Louisiana Farms and Timber Still Recovering From Drought

January 9, 2013

North Louisiana farmers and timber growers say they’re beginning to recover from drought in 2010 and 2011. But The Times of Shreveport reports it will take time to rebuild cattle herds and that trees stressed by the drought could continue to die for another two years.

The U.S. Department of Agriculture declared 36 Louisiana parishes drought disaster areas in 2010. In 2011, seven parishes were named drought disaster areas along with 213 Texas counties.

Caddo Parish cattleman Marty Wooldridge culled about 100 head from his herd starting in 2010 because it cost too much to keep them fed. Last year, he started keeping more heifers to increase the herd. But he’s wary of expanding too fast after the drought destroyed the grass root systems in some of his pastures.

He he’s also keeping an eye on the forecast – as all farmers do – because a dry spell could throw northwest Louisiana back into a drought.

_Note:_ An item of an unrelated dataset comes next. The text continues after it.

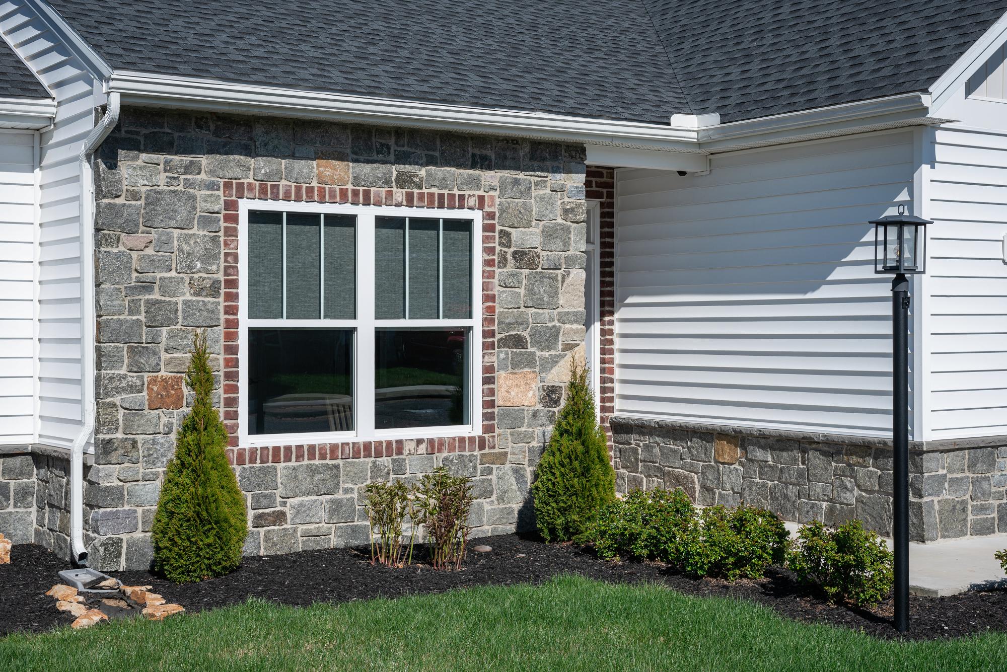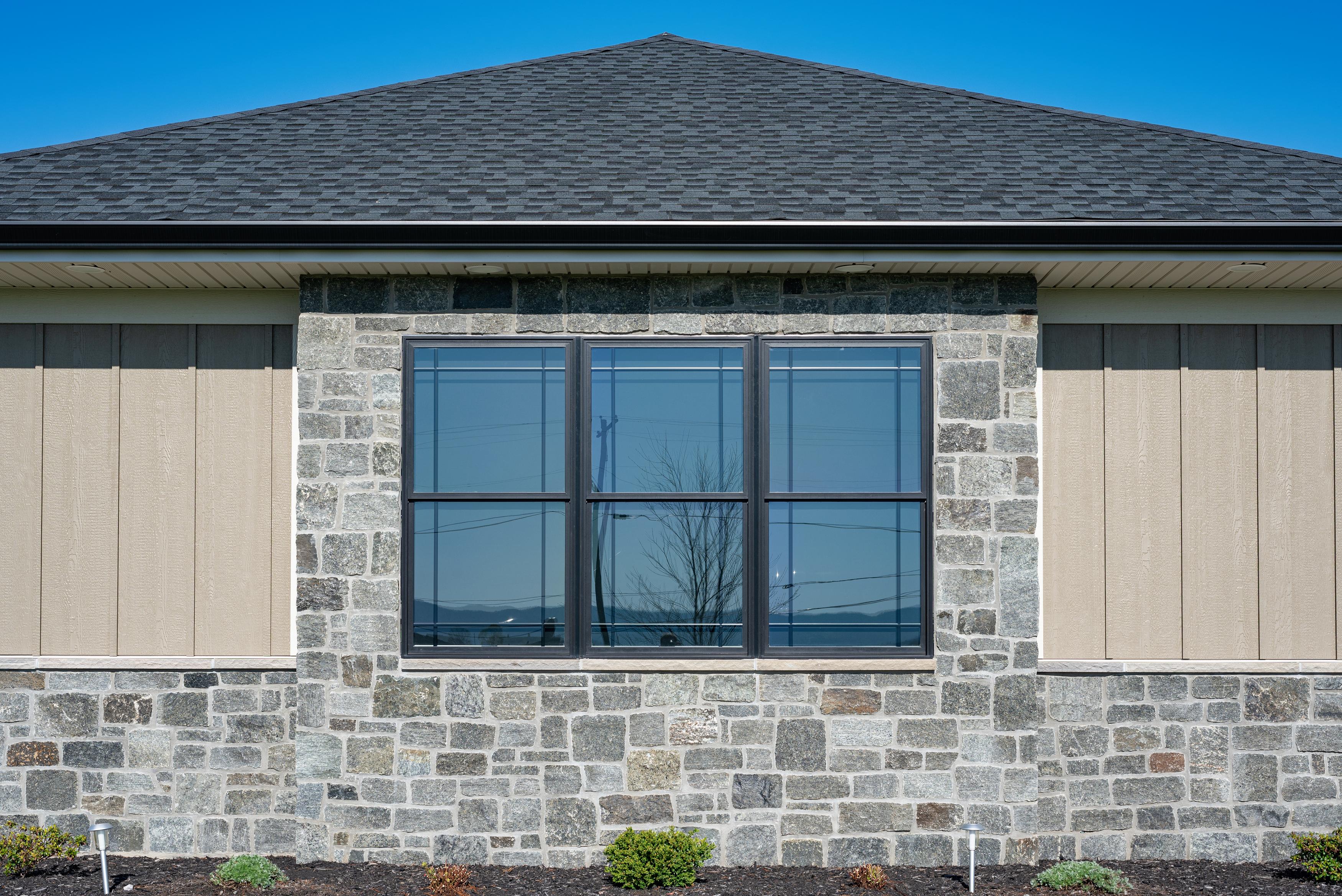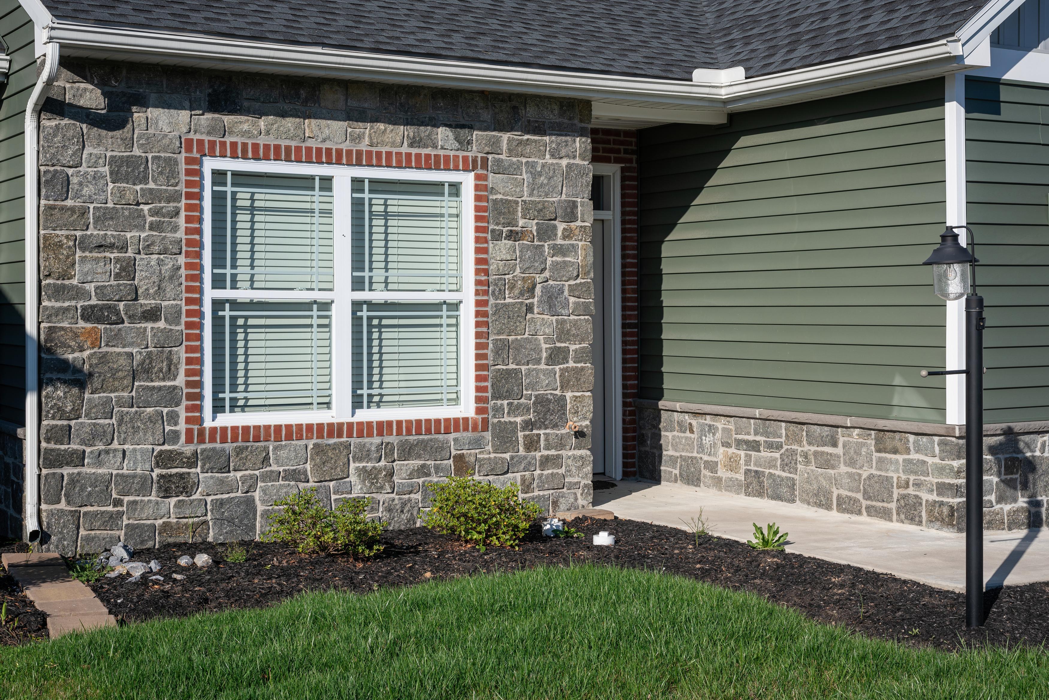 Castle Deep River features large format square and rectangular shaped pieces as well as split faced ashlar style pieces. It has a deep blue-green color with some occasional rust tones. It is typically installed with a mortar joint, but it may be installed in a dry-stacked style with additional cutting and fitting.

Farmers in Texas, Arkansas and Missouri are still suffering from below-normal moisture.

“From ’10 and ’11 combined, we were three feet short of total (normal) rainfall,” Wooldridge said. “If you dig down very far, you’re going to find there’s not much soil moisture. We’re not out of the woods yet.”

The long-range forecast through March calls for near-normal rainfall and above-normal average temperatures for northwest Louisiana.

Last year’s weather patterns were close to ideal, with rain coming throughout most of the year, said Matt Hemingway, a meteorologist with the National Weather Service in Shreveport.

“If you look at a lot of our lake levels, they’re in really good shape,” he said. “But there’s a big disparity. From Shreveport to Texarkana, it’s a drastically different story. It has been a much drier year in Arkansas and Oklahoma.”

LSU AgCenter forestry agent Ricky Kilpatrick expects another year or two of timber problems from the drought. Trees stressed by the lack of water will succumb to insects and disease. Landowners saw an immediate impact during 2011, losing some of their newly planted seedlings and more established trees.

“As far as newly planted trees, the first year is critical,” Kilpatrick said. “We had this in the late ’90s, too.”